BEGIN

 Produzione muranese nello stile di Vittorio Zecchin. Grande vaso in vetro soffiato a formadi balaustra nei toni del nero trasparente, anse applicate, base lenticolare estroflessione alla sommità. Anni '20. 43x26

END
BEGIN

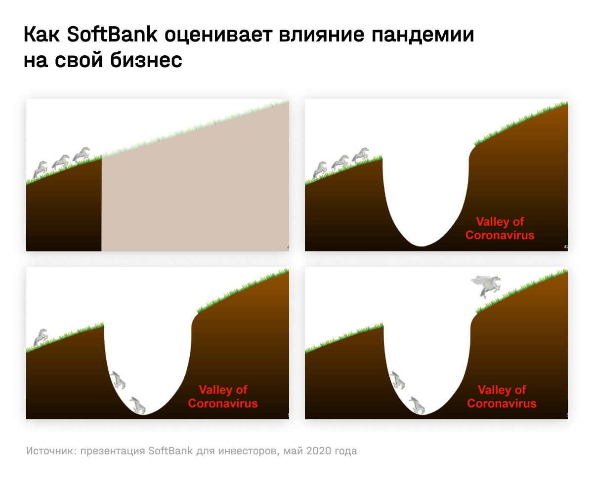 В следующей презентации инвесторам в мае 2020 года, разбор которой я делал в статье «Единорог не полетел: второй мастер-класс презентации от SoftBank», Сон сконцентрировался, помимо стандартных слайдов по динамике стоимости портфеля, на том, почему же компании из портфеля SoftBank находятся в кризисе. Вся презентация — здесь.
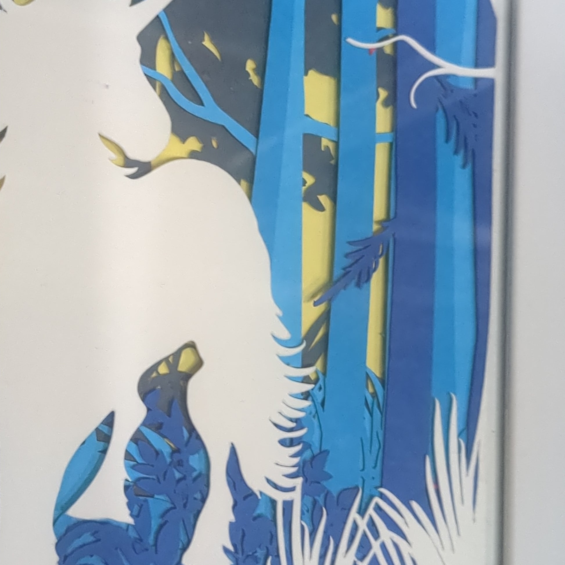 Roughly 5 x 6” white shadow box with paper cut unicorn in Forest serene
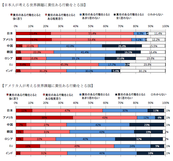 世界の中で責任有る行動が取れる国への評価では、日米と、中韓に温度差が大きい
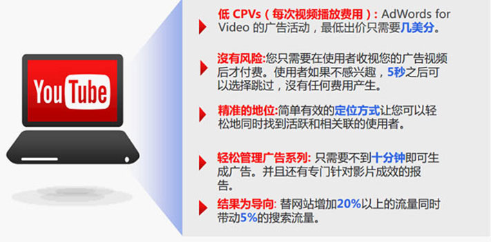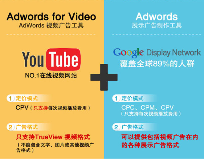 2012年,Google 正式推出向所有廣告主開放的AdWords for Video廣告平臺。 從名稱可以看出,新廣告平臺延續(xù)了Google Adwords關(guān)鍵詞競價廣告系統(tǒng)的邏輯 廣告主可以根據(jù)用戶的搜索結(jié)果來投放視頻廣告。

END
BEGIN

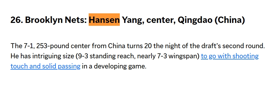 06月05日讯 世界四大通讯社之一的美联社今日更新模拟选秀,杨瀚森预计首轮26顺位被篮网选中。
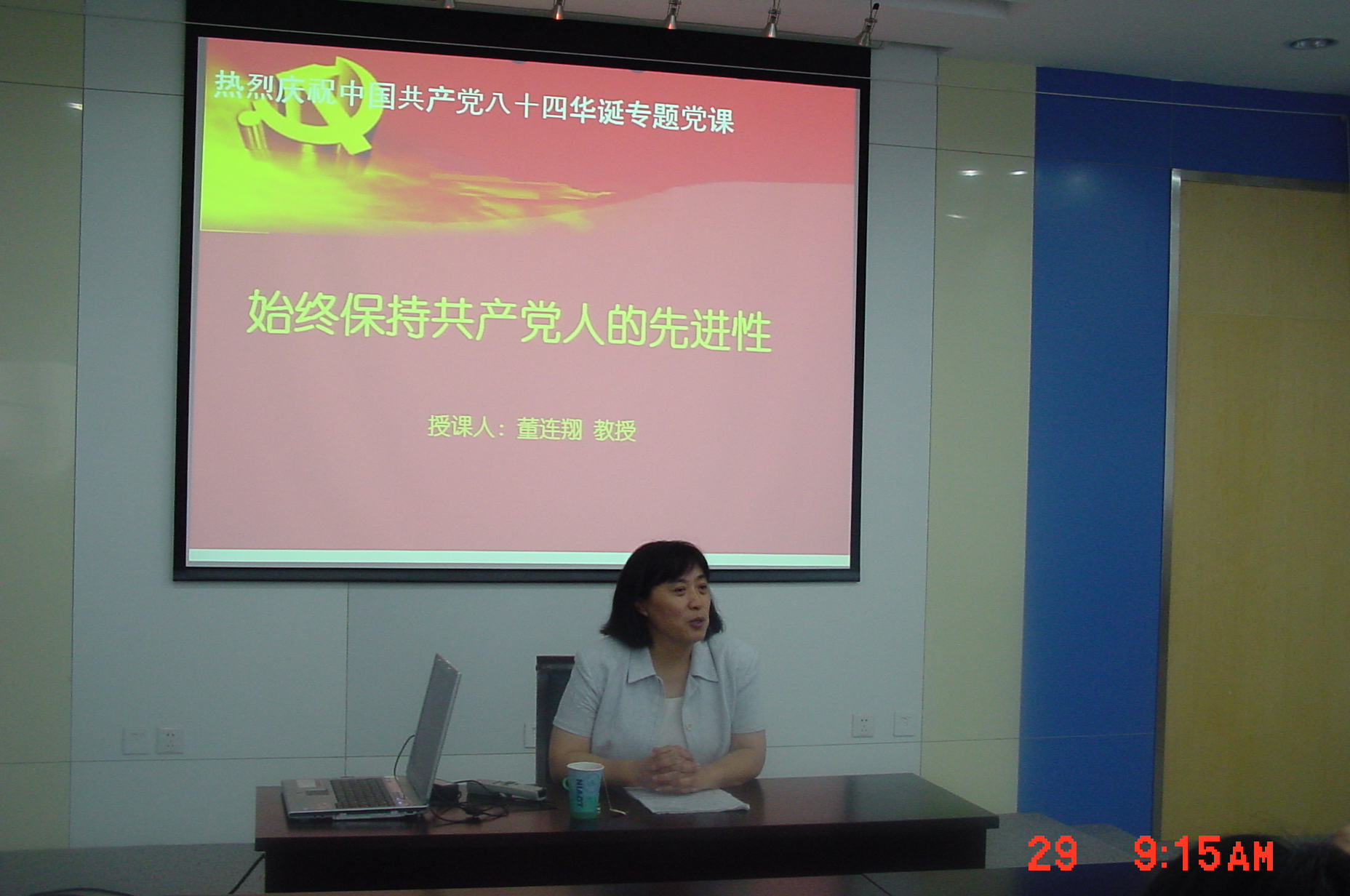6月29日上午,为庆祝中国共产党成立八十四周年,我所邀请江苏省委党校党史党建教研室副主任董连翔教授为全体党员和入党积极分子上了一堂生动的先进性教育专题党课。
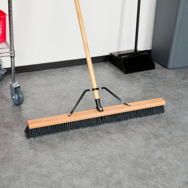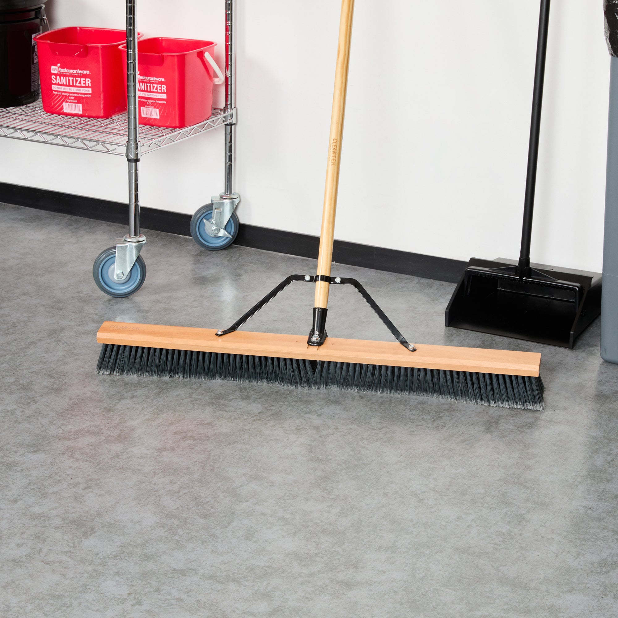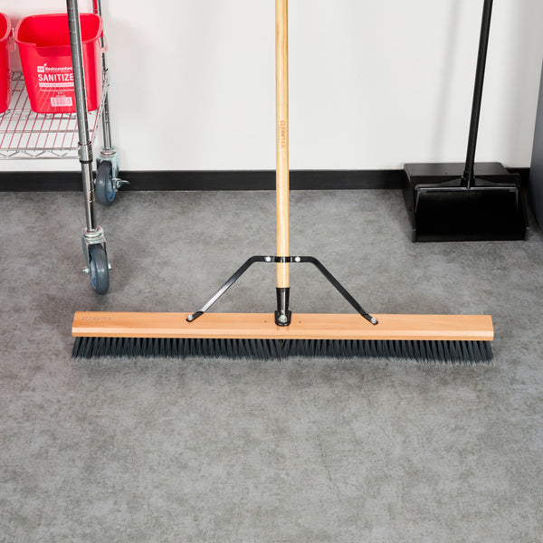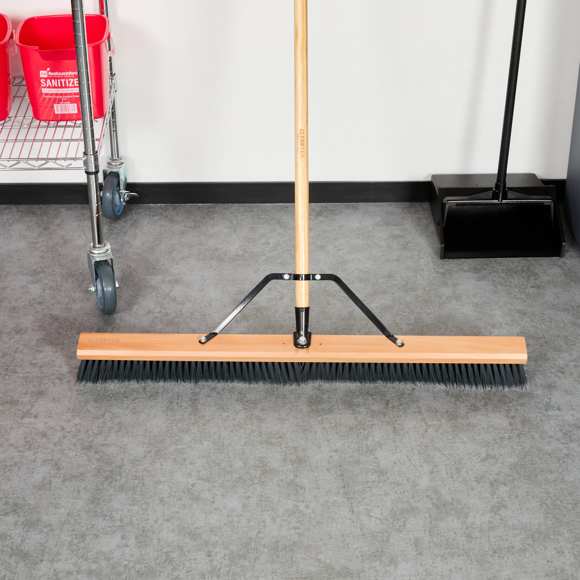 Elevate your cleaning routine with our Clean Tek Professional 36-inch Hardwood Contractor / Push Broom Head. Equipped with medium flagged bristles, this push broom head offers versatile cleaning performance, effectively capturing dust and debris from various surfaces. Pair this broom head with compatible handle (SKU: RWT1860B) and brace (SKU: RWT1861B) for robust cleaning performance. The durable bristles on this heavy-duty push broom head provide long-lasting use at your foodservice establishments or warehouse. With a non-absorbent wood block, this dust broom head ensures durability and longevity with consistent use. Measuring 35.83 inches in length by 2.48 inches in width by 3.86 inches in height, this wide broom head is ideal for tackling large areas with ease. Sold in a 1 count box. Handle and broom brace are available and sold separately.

END

**PROBLEM:**
Pictures are to be left out. Write out only the lines above starting at the one with "В следующей презентации" and ending at the one with "2012年,Google 正式推出向所有廣告主開放的AdWords for", both lines included, exactly.

**EXPECTED ANSWER:**
 В следующей презентации инвесторам в мае 2020 года, разбор которой я делал в статье «Единорог не полетел: второй мастер-класс презентации от SoftBank», Сон сконцентрировался, помимо стандартных слайдов по динамике стоимости портфеля, на том, почему же компании из портфеля SoftBank находятся в кризисе. Вся презентация — здесь.
 Roughly 5 x 6” white shadow box with paper cut unicorn in Forest serene
 世界の中で責任有る行動が取れる国への評価では、日米と、中韓に温度差が大きい
 2012年,Google 正式推出向所有廣告主開放的AdWords for Video廣告平臺。 從名稱可以看出,新廣告平臺延續(xù)了Google Adwords關(guān)鍵詞競價廣告系統(tǒng)的邏輯 廣告主可以根據(jù)用戶的搜索結(jié)果來投放視頻廣告。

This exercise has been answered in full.